Gallivan J P, Dougherty D A
Division of Chemistry and Chemical Engineering, California Institute of Technology, Pasadena, CA 91125, USA.
Proc Natl Acad Sci U S A. 1999 Aug 17;96(17):9459-64. doi: 10.1073/pnas.96.17.9459.

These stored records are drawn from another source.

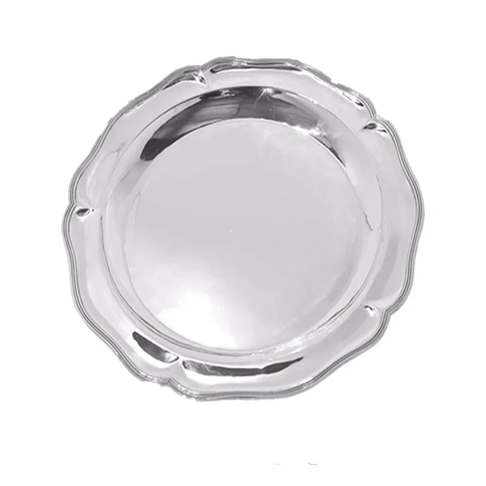 La bandeja Diámetro de 44 cm de Greggio es una pieza que encarna la elegancia clásica de la platería italiana con un diseño distintivo y sofisticado. Elaborada en silver plate, esta bandeja para servir destaca por su delicado borde ondulado, que aporta movimiento y un carácter refinado a cada presentación.
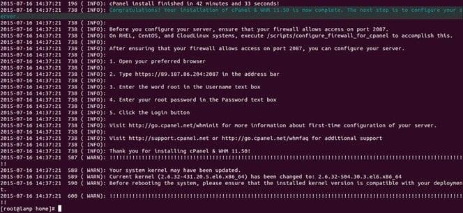 يقوم هذا الأمر بتغيير دليل العمل الحالي إلى / home ، ويقوم بتنزيل أحدث اصدار من cPanel وينفذ البرنامج للتثبيت.
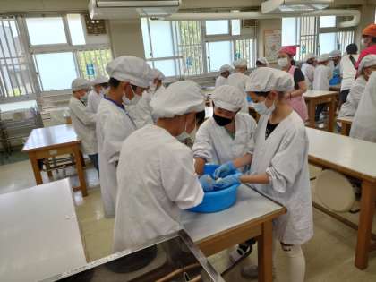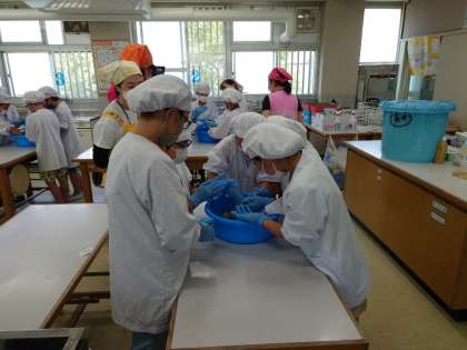 今日も,糀谷雨風さんに来ていただき,みそづくりを教えていただきました。このような,良き伝統を受け継いでいきたいものです。このみそを使って,みそ汁をつくるのが楽しみですね。
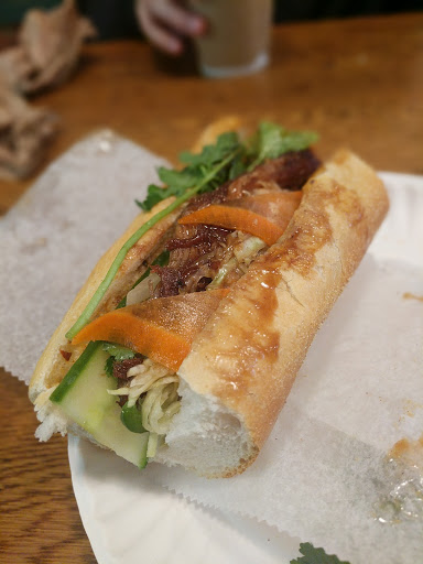 Surprisingly delicious veggie sandwich. Vibe is missing something.... Cant put my finger in it. May be great if it was also a coffee shop where people could hang out, socialize. Idk.

Cation-pi interactions in protein structures are identified and evaluated by using an energy-based criterion for selecting significant sidechain pairs. Cation-pi interactions are found to be common among structures in the Protein Data Bank, and it is clearly demonstrated that, when a cationic sidechain (Lys or Arg) is near an aromatic sidechain (Phe, Tyr, or Trp), the geometry is biased toward one that would experience a favorable cation-pi interaction. The sidechain of Arg is more likely than that of Lys to be in a cation-pi interaction. Among the aromatics, a strong bias toward Trp is clear, such that over one-fourth of all tryptophans in the data bank experience an energetically significant cation-pi interaction.
通过使用基于能量的标准来选择重要的侧链对,从而识别和评估蛋白质结构中的阳离子-π相互作用。研究发现,阳离子-π相互作用在蛋白质数据库的结构中很常见,并且清楚地表明,当一个阳离子侧链(赖氨酸或精氨酸)靠近一个芳香族侧链(苯丙氨酸、酪氨酸或色氨酸)时,其几何结构倾向于会经历有利的阳离子-π相互作用的那种。与赖氨酸相比,精氨酸的侧链更有可能参与阳离子-π相互作用。在芳香族氨基酸中,对色氨酸的强烈偏好很明显,以至于数据库中超过四分之一的色氨酸都经历了能量上显著的阳离子-π相互作用。